The House of Commons Library has published a briefing paper which looks at polygamy and deals with the recognition of polygamous marriages, immigration issues, social security benefits and pension entitlement.


In order to be recognised as valid, all marriages which take place in the United Kingdom must be monogamous and must be carried out in accordance with the requirements of the relevant legislation. For a polygamous marriage to be considered valid in the UK, the parties must be domiciled in a country where polygamous marriage is permitted, and must have entered into the marriage in a country which permits polygamy.

No formal assessment is made of the number of polygamous households.


It has been the policy of successive governments to prevent the formation of polygamous households in the UK. A UK resident cannot sponsor a non-EEA national for permission to enter or remain in the UK as their spouse if another person has already been granted such permission, and the marriage has not been dissolved.
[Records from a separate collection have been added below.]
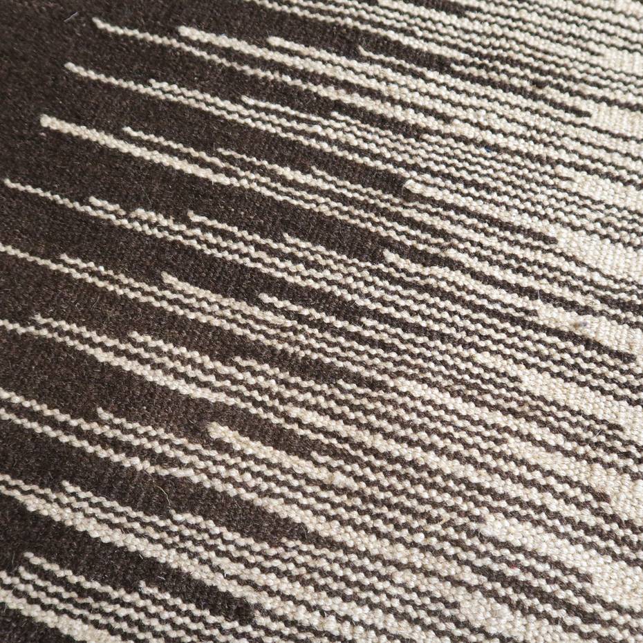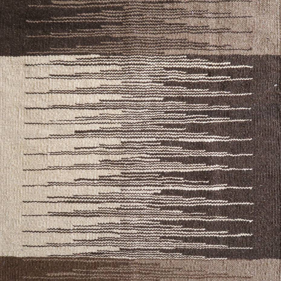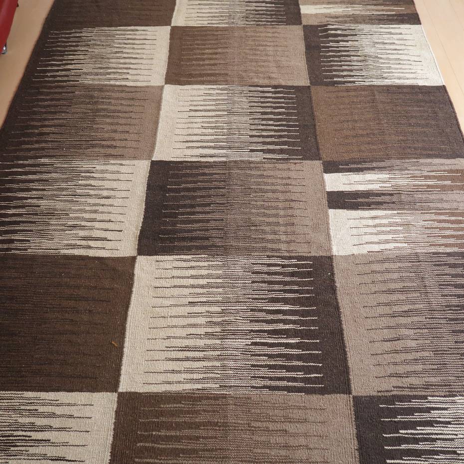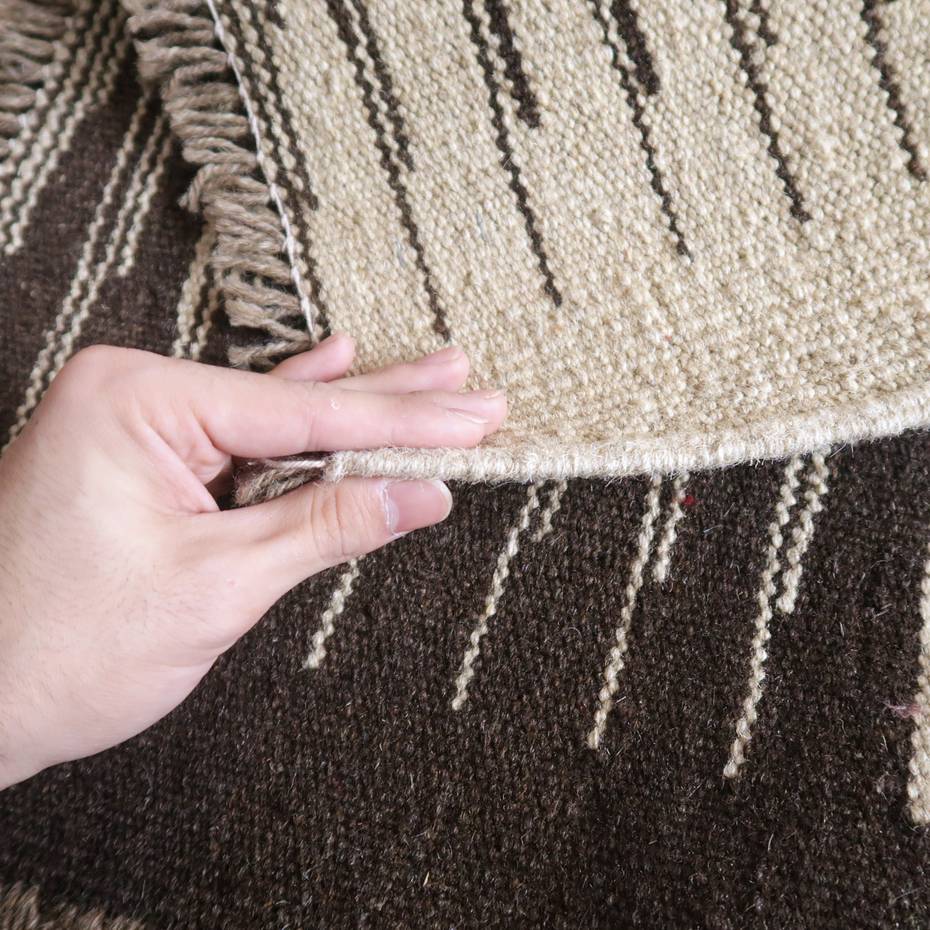 ギャッベでお馴染みのシラーズ地方カシュガイ族に伝わるキリムです。生成りや茶、グレーなどの元々の羊の毛色をそのまま活かした無染色のウールを使用したナチュラルカラーなので、敷く場所を選ばず、落ち着いた雰囲気で馴染みます。幾何学やギザギザ文様のシンプルな中にもリズムのあるモダンなデザイン。カシュガイの女性が昔ながらに織り上げたキリムなので、よく締まった丈夫な織り目で、早く仕上げる為、ゆるく粗く織られる商用生産のキリムには無い、誠実さと愛着が感じられる味わい深さがあります。作りは、平織り(ひらおり)という裏表の無い、両面を使える織り方。カシュガイ・キリムは遊牧のテント生活用の為、丈夫に織られ、洗濯も簡単、普段使いのラグとして扱いやすいキリムです。
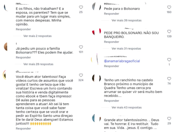Enquanto parte do público se mostrou solidária e afirmou ter contribuído financeiramente, outros internautas fizeram críticas severas ao ator. “Pede para o Bolsonaro”, escreveu um internauta, associando o pedido de ajuda de Mário Gomes ao histórico de posicionamentos políticos do artista. Houve ainda quem classificasse a atitude como uma vergonha e quem cobrasse que o ator “fosse à luta”.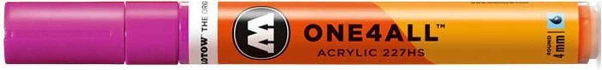 Molotow ONE4ALL™ 227HS 4mm Verfstift Kleurnaam: Fuchsia Pink Deze Molotow ONE4ALL™ 227HS 4mm Markers zijn ideaal voor elke ondergrond. 227HS marker op acryl basis met een verwisselbare 4mm ronde tip. One4all – De referentie klasse op het gebied van markers. Ongeëvenaarde dekking, heldere kleuren (100% UV-bestendigheid), Flowmaster ventiel voor een actieve kleur controle en met een gepatenteerde capillaire techniek. Deze baanbrekende hybride inkt kan zowel met water of aceton worden verdund. Een voorbeeld van de te bewerken oppervlakken zijn: metaal, canvas, steen, glas, plastic, leer, papier, karton, hout, textiel, keramiek, etc.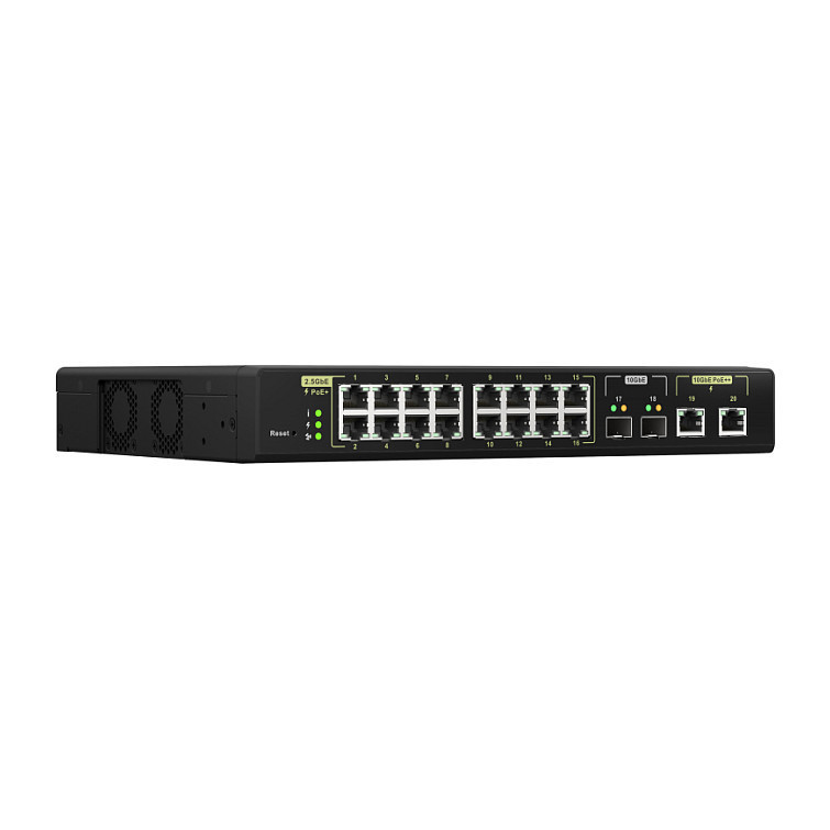 The QSW-M2116P-2T2S breaks through bandwidth limitations cabled and wireless networks to enhance your storage and access experience. With two 10GbE 90-watt and sixteen 2.5GbE 30-watt PoE ports, the QSW-M2116P-2T2S supplies up to a total power budget of 280 watts to meet the demands of high-power Wi-Fi 6 APs. With two 10GbE SFP+ ports for backbone network uplinking capability, the QSW-M2116P-2T2S provides an ultra-high-speed Wi-Fi 6 wireless network infrastructure solution for small-to-medium-scale businesses, hotels, and stores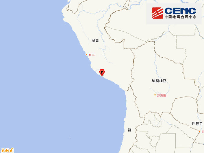 中国地震台网正式测定:6月28日13时36分在秘鲁沿岸近海(南纬15.90度,西经74.35度)发生7.1级地震,震源深度30千米。

However, it is possible for all parties to a polygamous marriage to be legally present in the UK. For example, a second spouse may qualify for entry to the UK in a different immigration category, in their own right.

Social Security Benefits

At present, some benefits can be paid, in certain cases, in respect of more than one spouse but the allowances that may be paid in respect of additional spouses are lower than those which generally apply to single claimants. Universal Credit (UC) is to replace all existing means-tested benefits and tax credits for families of working age but is not expected to be fully introduced until 2021. The 2010 Government decided that the UC rules will not recognise additional partners in polygamous relationships. This could potentially result in some polygamous households receiving more under UC than under the current benefit and tax credit system.

State Pension

A wife in a polygamous marriage does not generally have the right to a State Pension on the basis of her spouse’s contributions.